Output exactly the lines below from the one containing "MORSA/SVITATORE CLAMP/BREAKER DOBLE MORDAZA" to the last line, both included. Omit pictures.
_____
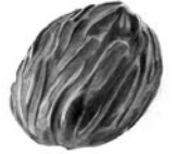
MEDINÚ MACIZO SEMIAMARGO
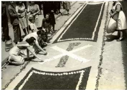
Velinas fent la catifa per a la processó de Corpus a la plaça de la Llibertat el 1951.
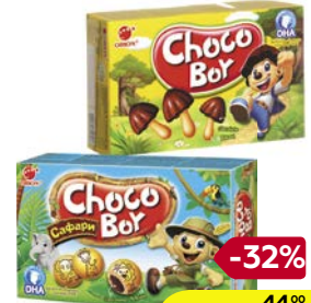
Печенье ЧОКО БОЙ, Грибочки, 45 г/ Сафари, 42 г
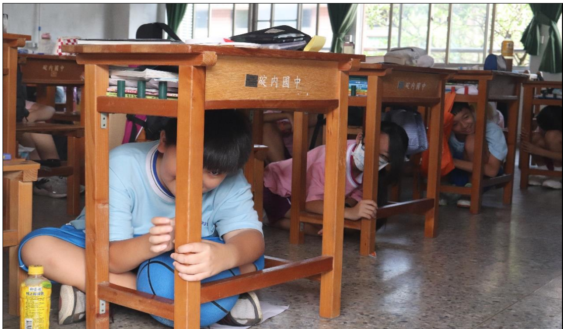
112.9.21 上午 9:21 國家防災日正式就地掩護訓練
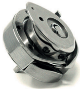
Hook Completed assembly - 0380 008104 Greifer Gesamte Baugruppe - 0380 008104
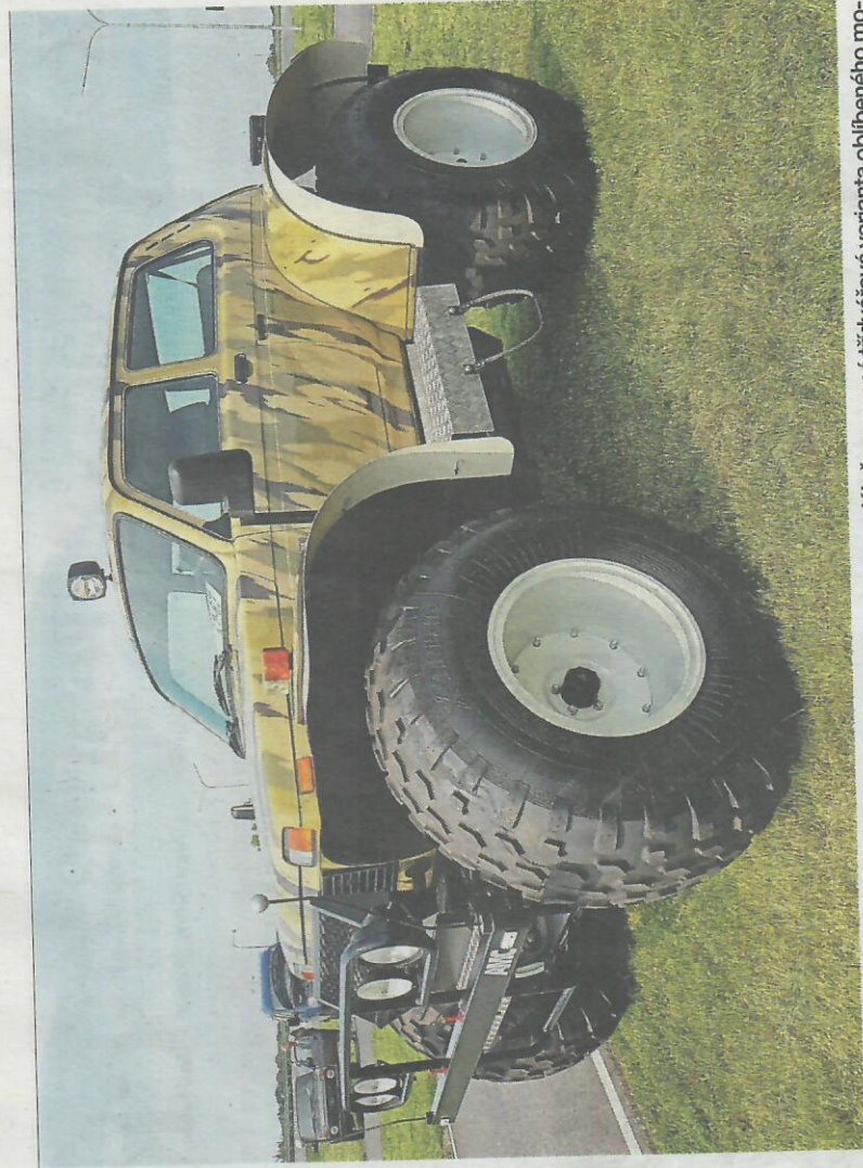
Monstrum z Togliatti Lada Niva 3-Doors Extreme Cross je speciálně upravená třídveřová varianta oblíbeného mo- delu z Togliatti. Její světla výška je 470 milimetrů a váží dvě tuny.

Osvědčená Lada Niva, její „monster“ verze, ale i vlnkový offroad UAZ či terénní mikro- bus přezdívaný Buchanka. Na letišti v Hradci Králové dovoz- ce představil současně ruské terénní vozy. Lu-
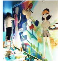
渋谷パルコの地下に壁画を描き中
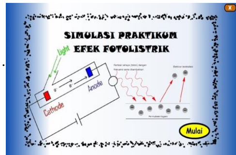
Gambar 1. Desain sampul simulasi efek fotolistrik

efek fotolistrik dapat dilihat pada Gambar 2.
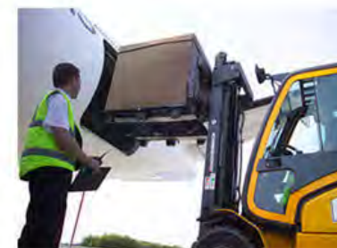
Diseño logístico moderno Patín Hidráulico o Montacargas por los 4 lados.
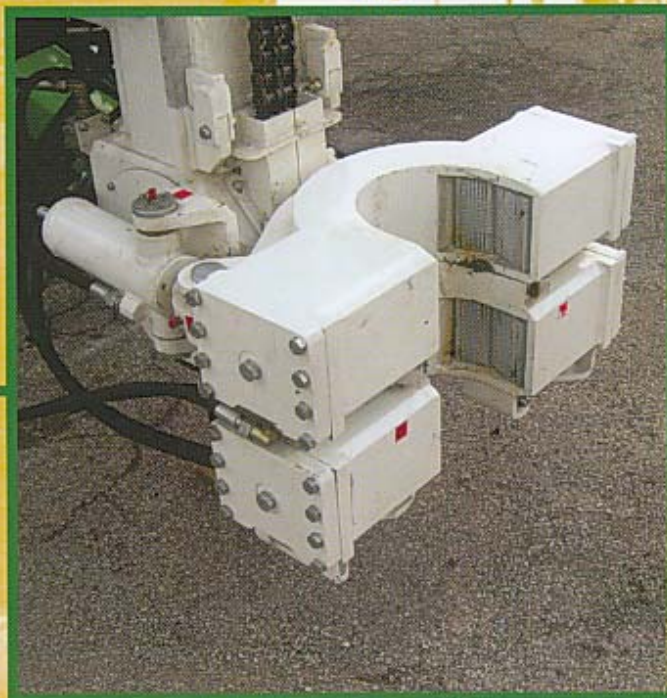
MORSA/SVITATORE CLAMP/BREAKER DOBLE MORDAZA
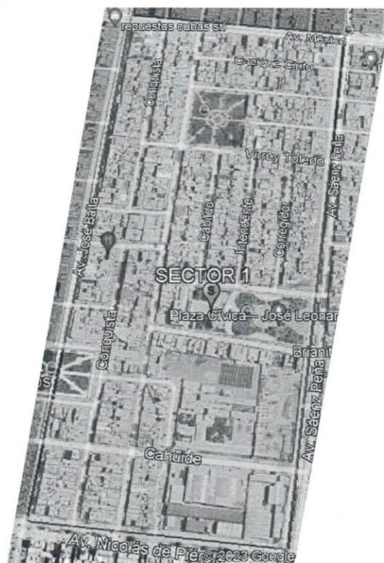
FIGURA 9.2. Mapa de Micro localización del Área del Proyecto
_____
*Finished task:*
MORSA/SVITATORE CLAMP/BREAKER DOBLE MORDAZA
FIGURA 9.2. Mapa de Micro localización del Área del Proyecto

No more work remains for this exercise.